Pitkin County Commissioner Kelly McNicholas Kury said she looked into school data on the subject about a year and a half ago and found that, for example, the measles vaccine rate in some area schools is below what’s needed for herd immunity.

“I do have a concern that our community may have some resistance to the vaccines,” McNicholas Kury said. “I continue to think that vaccines are probably one of the greatest success stories of modern medicine.”

Neither McNicholas Kury nor Peacock said they’d heard anything specific locally from residents concerned about or refusing to want to take to the vaccine.

Balko, who said he watched a colleague nearly succumb to the virus in the early days, emphasized Thursday that the vaccine is safe, effective and necessary for the vast majority of residents.

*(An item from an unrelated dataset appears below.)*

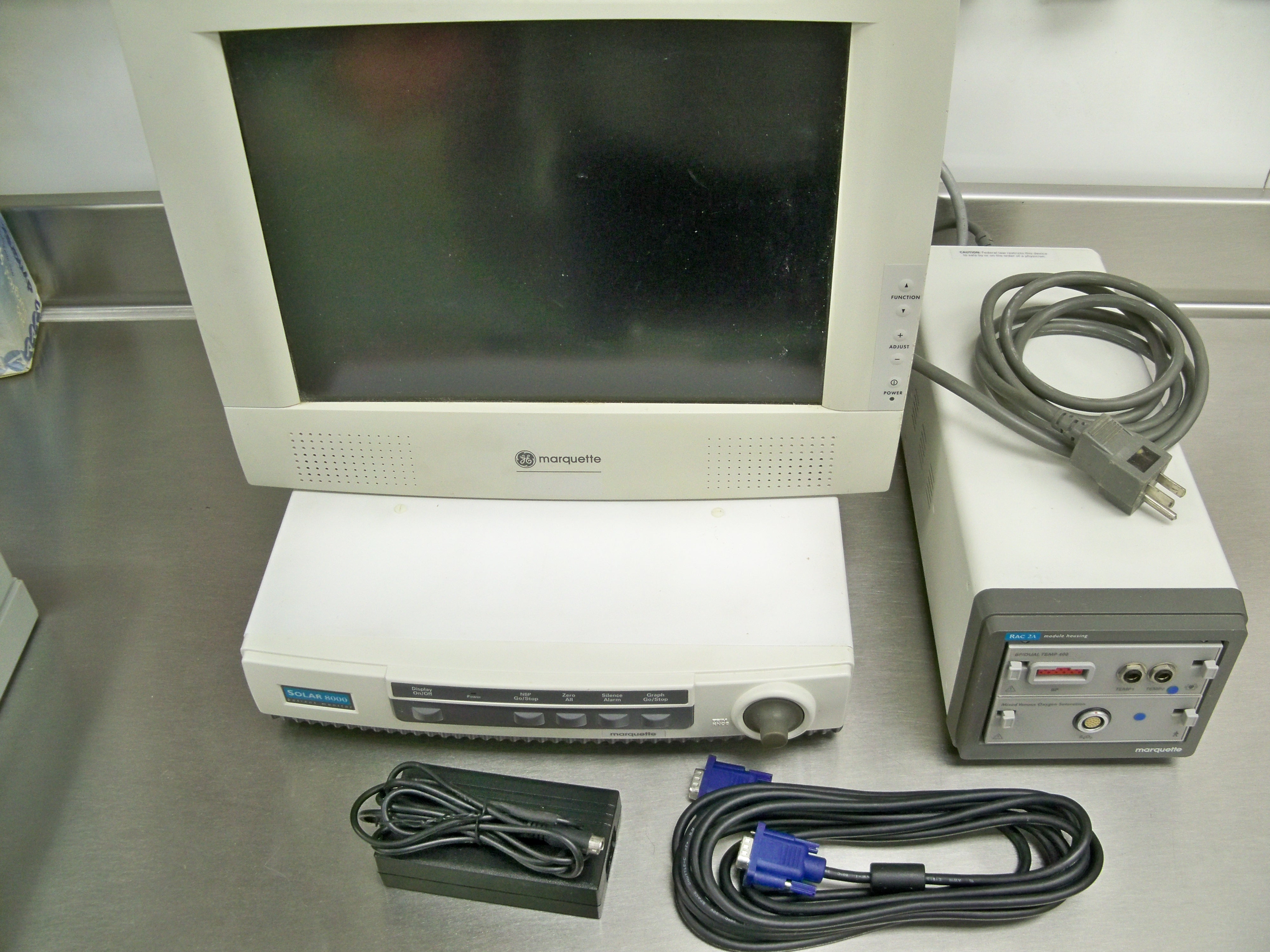 Marquette Solar 8000 patient monitor. This system comes with the system processor, an LCD flat panel display, power supply for the monitor, module housing with an NIPB and dual pressure module, an SVO2 module and power cords. Only thing needed is the data cable between the processor and the module housing. This system is in good condition and has been tested by us to work properly.

“I really encourage the public to go out and get the vaccines,” he said. “The only way to beat (the virus) is if large numbers of people go out and get vaccinated.”

Kim Thompson, a respiratory therapist at AVH, said she’s seen a lot in her 40-year career, including the early days of the HIV epidemic, and that while COVID-19 didn’t necessarily scare her, she was excited about the vaccine. The technology behind the mRNA-based Pfizer and Moderna vaccines has been in development for 10 years and has proved more effective than experts thought, she said.

“I had a shot at 3:30 (p.m.),” Thompson said late Thursday afternoon. “I feel fine. I feel good. My arm doesn’t even hurt. I feel really positive about it.”